Windows 11 accessibility features you need to know about

Windows 11 brings some big updates to Microsoft’s storied operating system visually, but it’s also made big strides in accessibility. Live Captions, updates to Narrator, and even full voice access could make Windows 11 the most accessible OS Microsoft has ever released.

Whether you need accessibility features to navigate Windows 11 or just want to get around a little easier, we’ve tried a bunch of features to give you our pick. If you want to browse the whole list, you can find it just the Arrangements app in Windows 11 and select the Accessibility tab.

Live titles

Live caption enabled on Windows 11.

Similar to what you might have on recent Android and iOS phones, Windows 11 brings the highly sought-after Live Captions feature. The OS Project Live Captions not only for audio and video played on your computer, but even your own speech when you speak directly through a microphone. Live Subtitles also works without an internet connection, so you can use the feature anytime you want.

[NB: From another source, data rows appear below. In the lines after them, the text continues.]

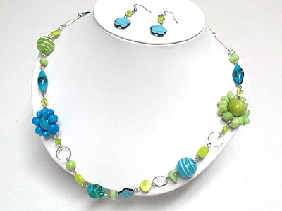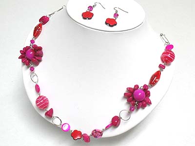 WHOLESALE FLOWER ACCENT NATURAL STONE AND MULTI BEADS NECKLACE AND EARRING SET 341272
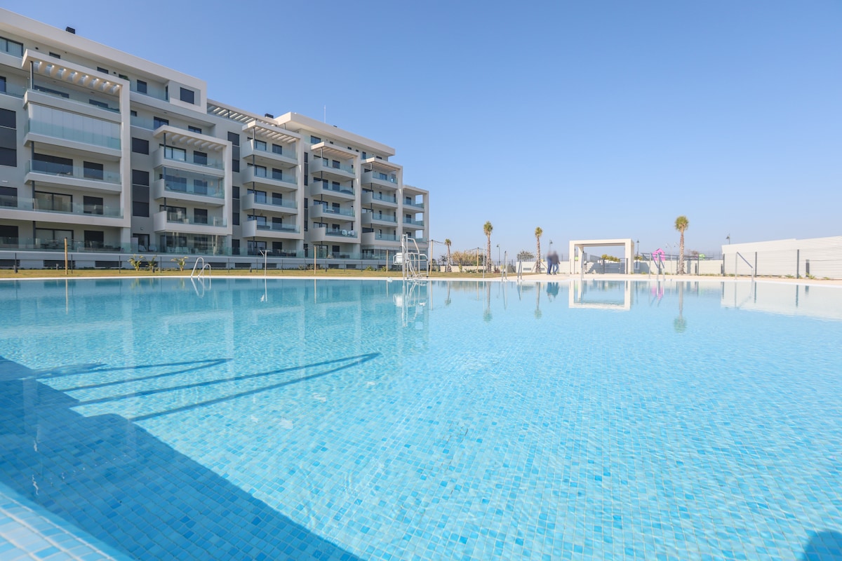 Do you want to relax with your friends and family? This apartment is great to share unique moments with your beloved. With 2 swimming pools (one for adults and one for kids), a kids playground, 2 paddle courts and a barbeque, the apartment offers all the comfort you need. Situated in the southern- Spanish border with Portugal, the apartement is 40 min by car from Faro Airport and 1.2h from Sevilla Airport. Kindly note swimming pools are closed from October to April. Opening times might vary.
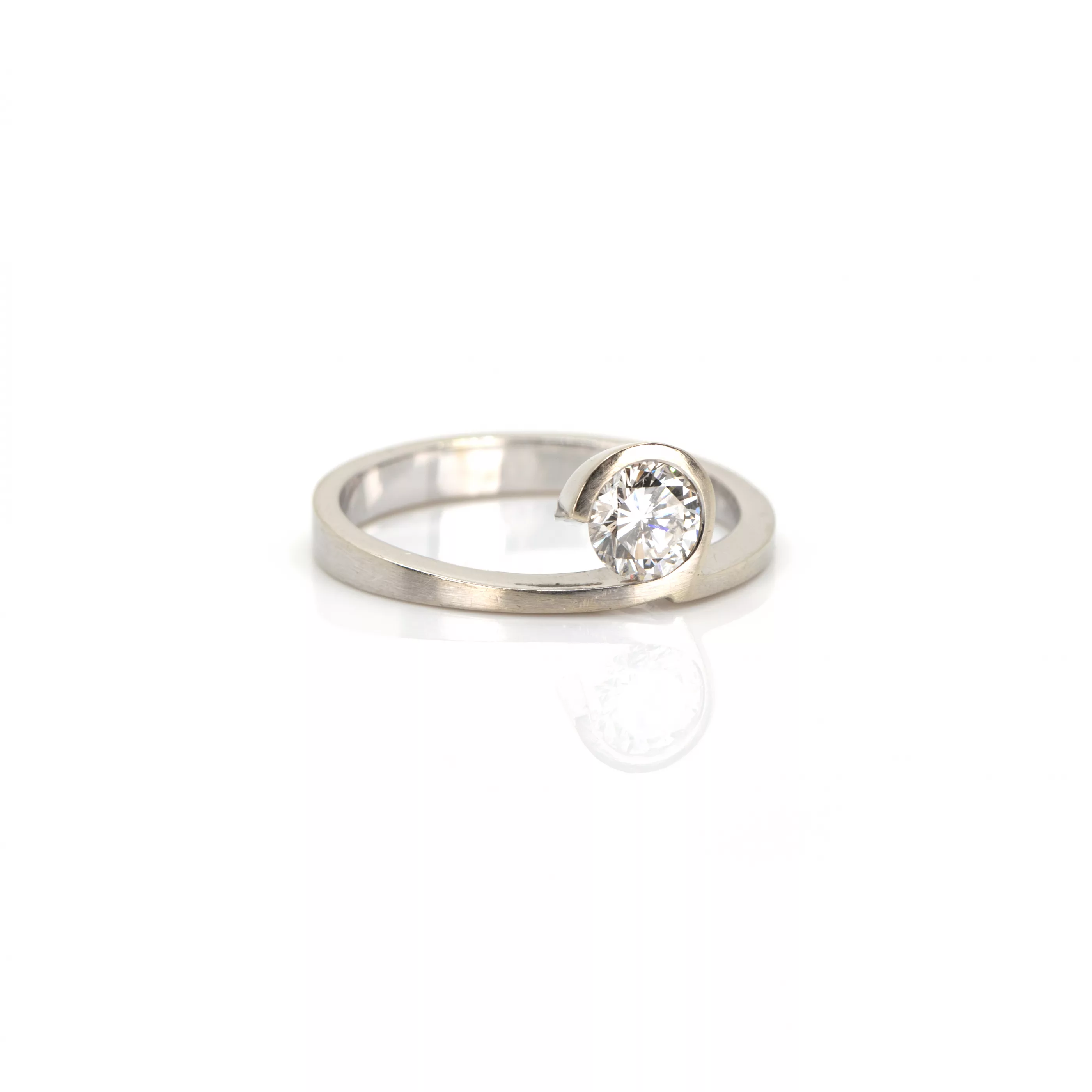 585 Weißgold, punziert, Diamant im Brillantschliff, ca. 0,52 ct, H, vvs-vs, RW 56, Gewicht ca. 3,3 g

Screenshot of Live Captions on Windows 11.

You can change the position of the subtitle to the top or bottom of the screen, or make it a floating window. We found a delay of a quarter of a second between real time and the projected text. Accuracy is solid for the most part, barring any hum or quality issues from the audio source. Also, we’re not 100% sure if this is a feature or a bug, but during fullscreen videos, the subtitles automatically jump to a floating window instead of your default location.

There is even an option to filter out profanity. Due to the resource-intensive nature of live, on-the-fly subtitling, Microsoft recommends freeing up some RAM by closing unused applications, but we didn’t notice any subtitling performance hiccups with 30 Chrome tabs and Adobe Photoshop running on a midrange laptop.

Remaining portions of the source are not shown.